COURT OF APPEALS OF THE STATE OF NEW MEXICO
Mar 29, 2021
No. A-1-CA-38446 (N.M. Ct. App. Mar. 29, 2021)

Opinion

No. A-1-CA-38446

03-29-2021

MARCHIONDO LAW OFFICES, P.C., Plaintiff-Appellee, v. JASON BOWLES, Third-Party Defendant/Appellee, v. JAMES REESE and OLIVER REESE, Defendants/Counterclaimants/Appellants.

Douglas A. Azar Albuquerque, NM for Appellee Marchiondo Law Offices Civerolo, Gralow & Hill, P.A. Lawrence H. Hill David M. Wesner Albuquerque, NM for Appellee Jason Bowles Western Agriculture, Resource and Business Advocates, LLP A. Blair Dunn Jared R. Vander Dussen Albuquerque, NM for Appellants


This decision of the New Mexico Court of Appeals was not selected for publication in the New Mexico Appellate Reports. Refer to Rule 12-405 NMRA for restrictions on the citation of unpublished decisions. Electronic decisions may contain computer-generated errors or other deviations from the official version filed by the Court of Appeals.
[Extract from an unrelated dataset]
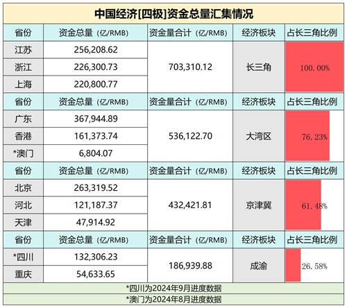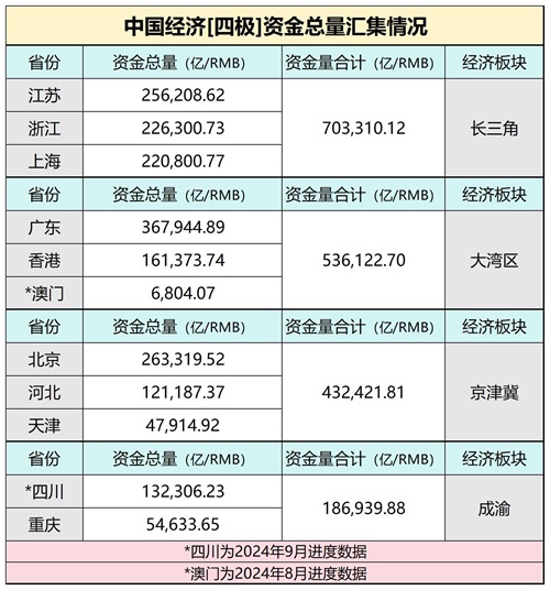 上海、江苏、浙江,两省一市在2024年10月的资金总量汇集总额达到了70.33万亿,成为当之无愧的第一极。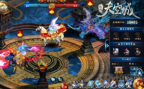 《九州天空城》全新跨服PVP玩法-圣火神殿是一个集合了即时冲突,抢占据点,还有随机攻防机制的大战场,多样化的战斗满足你PK的激情。圣火神殿根据红蓝双方积分来判定胜负。

APPEAL FROM THE DISTRICT COURT OF BERNALILLO COUNTY
Clay Campbell, District Judge

Douglas A. Azar
Albuquerque, NM

for Appellee Marchiondo Law Offices

Civerolo, Gralow & Hill, P.A.
Lawrence H. Hill
David M. Wesner
Albuquerque, NM

for Appellee Jason Bowles

Western Agriculture, Resource and
Business Advocates, LLP
A. Blair Dunn
Jared R. Vander Dussen
Albuquerque, NM

for Appellants

MEMORANDUM OPINION

ATTREP, Judge.

{1} Defendants/Counterclaimants appeal the district court's order denying their corrected opposed motion to reconsider dismissal for lack of prosecution. We entered a notice of proposed disposition, proposing to affirm. Defendants filed a memorandum in opposition to that notice, which we have duly considered. Unpersuaded, we affirm.

{2} On appeal, Defendants contend that under the language of Rule 1-041(E)(2) NMRA, the district court's dismissal erroneously deprived them of due process, as a scheduling order had at one point been entered in the case. [DS 5] Our notice proposed to conclude that as the parties were not in compliance with the scheduling order, which was also long out of date, the district court thus had discretion to dismiss the case for failure to prosecute. [CN 6] Our notice stated that Defendants did not contest the district court's determination that the deadlines had passed without trial or any request for new deadlines after the case was reassigned to a new judge and thus a new docket. [CN 6] We also suggested that to the extent the case was only briefly reinstated on mistaken facts, admitted by Defendants, the district court did not abuse its discretion in ultimately dismissing the case. [CN 6]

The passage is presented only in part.